## EXERCISE DETAILS
Take the lines below between the one holding "There is an" and the one holding "One electronically tested", inclusive, and copy them exactly. Add nothing.
======== DATASET EXTRACT
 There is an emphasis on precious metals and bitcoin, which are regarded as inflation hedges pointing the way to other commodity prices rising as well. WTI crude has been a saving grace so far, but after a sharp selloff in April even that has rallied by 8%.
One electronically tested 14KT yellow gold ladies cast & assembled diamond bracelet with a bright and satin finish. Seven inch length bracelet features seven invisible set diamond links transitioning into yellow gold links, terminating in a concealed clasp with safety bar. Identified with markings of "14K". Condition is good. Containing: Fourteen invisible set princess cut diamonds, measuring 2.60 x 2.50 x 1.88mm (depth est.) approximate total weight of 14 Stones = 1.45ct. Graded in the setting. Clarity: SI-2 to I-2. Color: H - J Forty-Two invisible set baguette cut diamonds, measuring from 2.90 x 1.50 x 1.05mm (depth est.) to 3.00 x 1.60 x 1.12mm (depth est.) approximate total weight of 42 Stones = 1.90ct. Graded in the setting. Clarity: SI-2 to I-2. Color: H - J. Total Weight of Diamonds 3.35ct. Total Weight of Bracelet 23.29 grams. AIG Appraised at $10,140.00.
================
======== DATASET EXTRACT
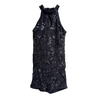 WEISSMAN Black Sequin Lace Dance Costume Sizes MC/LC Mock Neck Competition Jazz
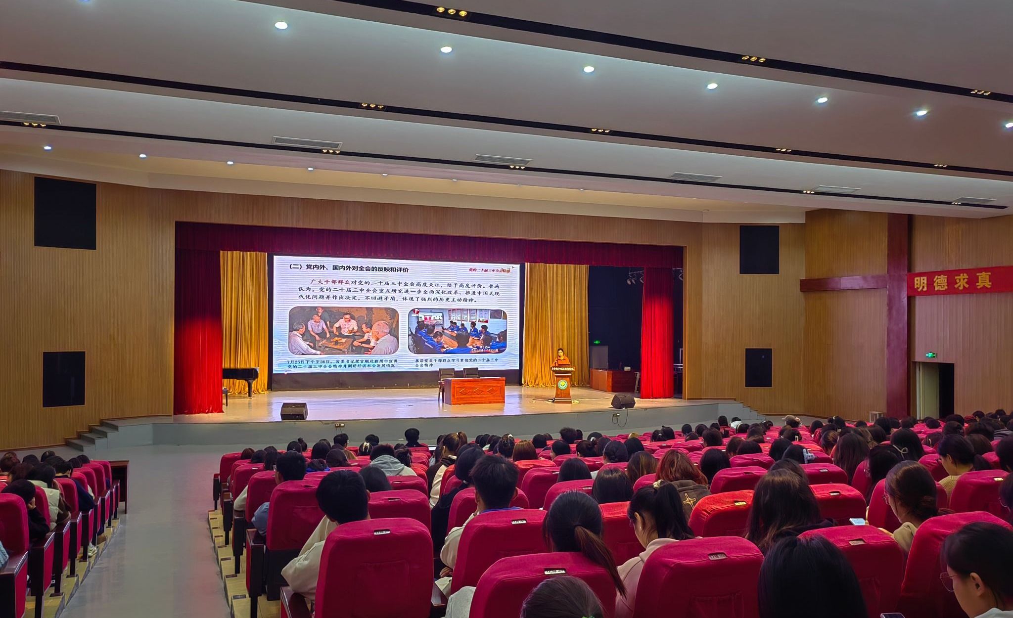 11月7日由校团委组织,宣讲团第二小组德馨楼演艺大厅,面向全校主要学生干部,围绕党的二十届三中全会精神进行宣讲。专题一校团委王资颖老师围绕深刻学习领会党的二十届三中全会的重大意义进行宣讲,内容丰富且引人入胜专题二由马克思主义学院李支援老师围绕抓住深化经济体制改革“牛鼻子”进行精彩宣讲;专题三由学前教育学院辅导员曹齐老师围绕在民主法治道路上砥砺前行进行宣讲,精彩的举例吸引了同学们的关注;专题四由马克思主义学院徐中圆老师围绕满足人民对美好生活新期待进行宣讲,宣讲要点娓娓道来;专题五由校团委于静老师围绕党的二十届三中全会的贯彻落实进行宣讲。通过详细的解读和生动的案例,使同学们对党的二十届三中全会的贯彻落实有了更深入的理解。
================
## EXERCISE RESPONSE
 There is an emphasis on precious metals and bitcoin, which are regarded as inflation hedges pointing the way to other commodity prices rising as well. WTI crude has been a saving grace so far, but after a sharp selloff in April even that has rallied by 8%.
One electronically tested 14KT yellow gold ladies cast & assembled diamond bracelet with a bright and satin finish. Seven inch length bracelet features seven invisible set diamond links transitioning into yellow gold links, terminating in a concealed clasp with safety bar. Identified with markings of "14K". Condition is good. Containing: Fourteen invisible set princess cut diamonds, measuring 2.60 x 2.50 x 1.88mm (depth est.) approximate total weight of 14 Stones = 1.45ct. Graded in the setting. Clarity: SI-2 to I-2. Color: H - J Forty-Two invisible set baguette cut diamonds, measuring from 2.90 x 1.50 x 1.05mm (depth est.) to 3.00 x 1.60 x 1.12mm (depth est.) approximate total weight of 42 Stones = 1.90ct. Graded in the setting. Clarity: SI-2 to I-2. Color: H - J. Total Weight of Diamonds 3.35ct. Total Weight of Bracelet 23.29 grams. AIG Appraised at $10,140.00.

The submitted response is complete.